I hate what we go through after an argument. Its like two ships passing in the night. He gets angry and dismisses me so that pisses me the hell off and I dismiss him. That whole notion of not going to bed angry does not exist in my house. Trying to sleep or exist in our house after a fight or disagreement is painful to me becasue I feel terrible inside and uncomfortable. I am in the guess room watching tv and he is in our bedroom watching tv usually the longest I will let it go on is a night. Usually he is the one in the wrong so I wait to see if he will do the right thing like a man and say 'babe listen I am sorry I truly do apologize" wait for it, wait for it, wait for it and nothing.
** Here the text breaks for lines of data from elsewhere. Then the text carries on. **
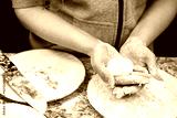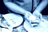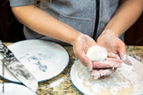 Woman dirty hands holding and forming homemade mochi sticky glutinous Japanese rice cake dessert at home kitchen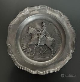 Questo antico piatto decorativo è realizzato in peltro, una lega metallica in passato utilizzata per piatti ornamentali di produzione europea, in particolare tedesca. Rappresenta una famosa incisione del 1513 di Albrecht Durer (Il Cavaliere, la Morte e il Diavolo) ed è stato realizzato da Jope Center Haus, una azienda rinomata per la produzione di piatti, boccali e decorazioni da parete in peltro (Zinnin tedesco), spesso caratterizzati da bassorilievi che riproducono opere d'arte classiche o scene storiche europee. Gli oggetti firmati Jope Center Haus sono solitamente realizzati inpeltro fuso, rifiniti con una patina scura per esaltare i dettagli del rilievo, come quello del cavaliere di Dürer, simbolo di rettitudine morale e forza. Il punzone98%impresso nel metallo certifica una purezza del peltro molto elevata, che rende il piatto più "nobile", più pesante conferendogli una lucentezza che ricorda l'argento. La combinazione tra le grandi dimensioni (30 cm di diametro è una misura importante per un piatto da parete), il soggetto iconico di Dürer e l'altissima percentuale di stagno lo rende un pezzo da collezione superiore alla media. Diametro 30 cm - Altezza 2,5 cm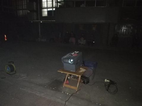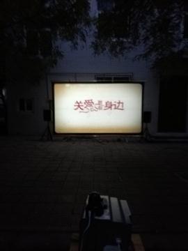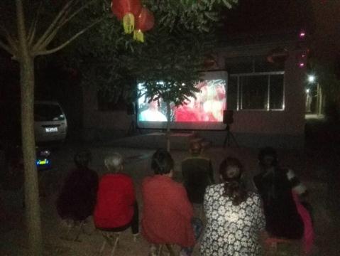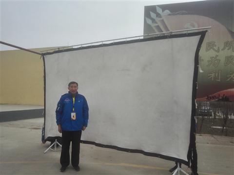 我队使用的是海威TW-T16-A-2.0型号一体机:拥有简易银幕架,保证银幕张挂质量;拥有宣传用扩音器,让每位观众知道放电影的信息。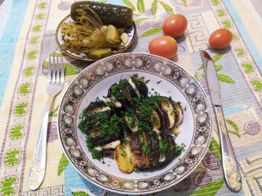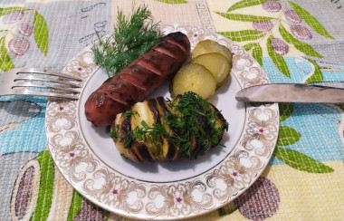 Сливочное масло я разложила сразу, а сыр за пять минут до готовности, перед подачей посыпала свежим укропом и чесночком. Печёные сосиски и солёные огурцы стали отличным дополнением к блюду.
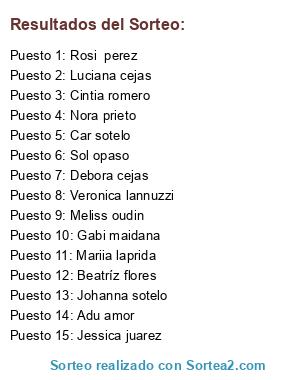 Lista de participantes: Jessica juarez, Mariia laprida, Gabi maidana, Cintia romero, Nora prieto, Debora cejas, Rosi perez, Sol opaso, Luciana cejas, Car sotelo, Johanna sotelo, Veronica lannuzzi, Meliss oudin, Adu amor, Beatríz flores.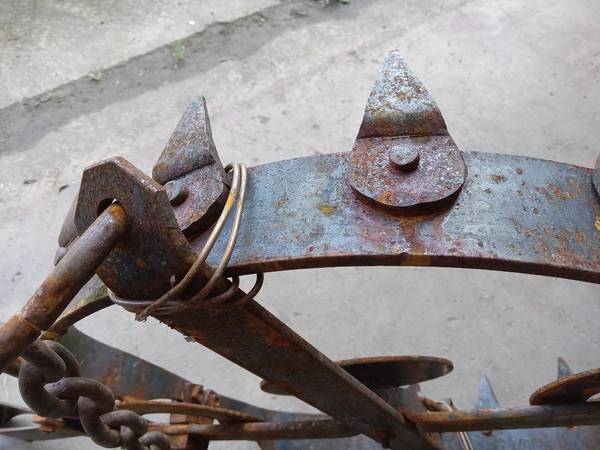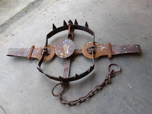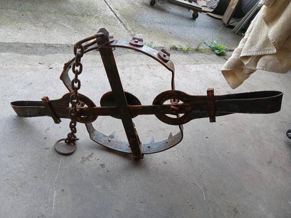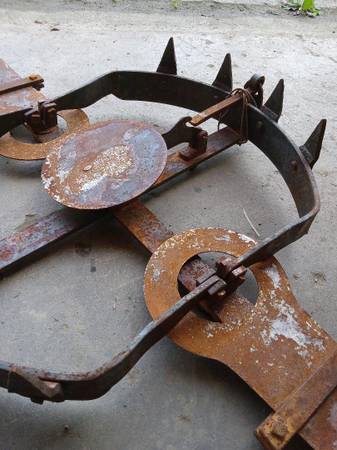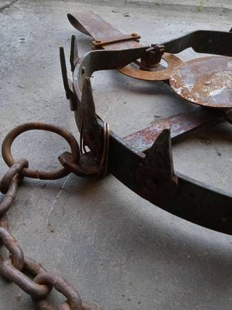 This trap was hand forged by a Blacksmith. It . Measures 40" long . Jaws are 15" from pin (hinge) to pin and 22" wide. There are 2 brackets holding it open to prevent any injury. It's a one of a kind. It's made out of steel like they always have been. ...What you got to trade??? seven16seven96seven913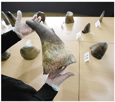 图为11月18日,一名国家公园局工作人员在新加坡野生动植物法证中心向媒体展示查获的犀牛角。新加坡国家公园局当天发布公告称,新加坡查获迄今为止最大宗的犀牛角走私案,共发现20支、总重35.7公斤的犀牛角。

The only way he will is if he goes and gets a few beers or stop at the bar near our house on the way home and throw back a few shots.

Oh when he has a bit of liquor in him he is instantly sorry and he thinks some sex will put things back right. Well you know what not this time. I don't want a liquor enduced apology I want a sober apology and I want to talk really talk about what he did that hurt by feelings. 2 days ago we got into it, again he did something really freaking stupid, has me really pissed since then. As usual he didnt apologize he had a few brews and did the hey babe I f'd up I am sorry I love you and I am not buying it why is the only way he can apologize after a few drinks. Its hard to take it serious when I know he has been drinking. I am tired of being the bigger person and patching things up even when he is the reason it all got out wack to begin with.

Not this time my girlfriend said now you know us women always gotta be the bigger person and men are stubborn but I am sorry thats not always the case. I need him to man up. I pushed off his tipsy apology and oh baby I love you last night and went to bed without a word said. This morning fully sober he is back to giving me the cold shoulder for not accepting his apology.

Wow are we 36 or are we 5yrs old again cause thats what it feels like.

Sorry just needed to vent......

Communication has to get better in our marriage seriously or we wont see a 4th yr.


----------



## anonim (Apr 24, 2012)

print this up and show him.


----------



## lovingsummer (Jul 27, 2012)

I feel for you... I used to be like you, accepting to keep the peace, get it over with, blah.blah.blah...

Now, 20 years later it has left me angry, bitter and resentful to the point that I wanted to be a "walk away wife". I was just tired of sweeping things under the rug and pretending it didn't hurt me. 

I have recently accepted my part in this fiasco. I can't rug sweep things and then be pissed at him. We've been together since we were late teens/early twenties and he's still wanting to fight like that. I said no more, it gets worked out or I'm moving on, I can't put anything else under my rug. At first he was resistent and just wanted us to "pretend" that the issues weren't there. I calmly packed a bag and told him that I'd see him in a few days, that I couldn't continue with the silent treatment punishment and then him randomly talking to me like nothing ever happened. 

Lucky for me, he saw that I was serious and so we've been slowly cleaning out our rug... most of the time it feels like we're using a paint brush that you get with the kindergarten water paint set when I'd rather use a giant push broom... but we're getting there 

Hang in there and be firm in what you believe you deserve... What you allow WILL continue...


----------



## credamdóchasgra (Sep 24, 2010)

Been there, done that. Often.

Start by telling him how much it frustrates you.

No liquor-induced "I'm sorry" sex, and tell him why: "I don't feel very close to you right now. When you sober up, I want to talk about it, then I'll feel close enough to you to have sex (or open up to you or however you phrase it)."---and follow up on that. You'll have to initiate the conversation, but if you keep it clear, simple, non-accusing, and then follow up with great sex, it can go miles for both of you.

My husband is very stubborn and used to do this all the time. And he *usually* does not come and apologize first after a fight. Usually I have to be the one to initiate the "talk things out" part. BUT: in the end it makes me feel better. AND, I've learned to keep it short. That's very important. AND, when I get what I need out of the talk, I make sure it is followed by very good sex. 
Clear, simple connection: 
you're nice and willing to listen to me -->sex


----------



## credamdóchasgra (Sep 24, 2010)

lovingsummer said:


> we've been slowly cleaning out our rug... most of the time it feels like we're using a paint brush that you get with the kindergarten water paint set when I'd rather use a giant push broom... but we're getting there


Love this analogy. I feel you. Baby steps, baby steps...


----------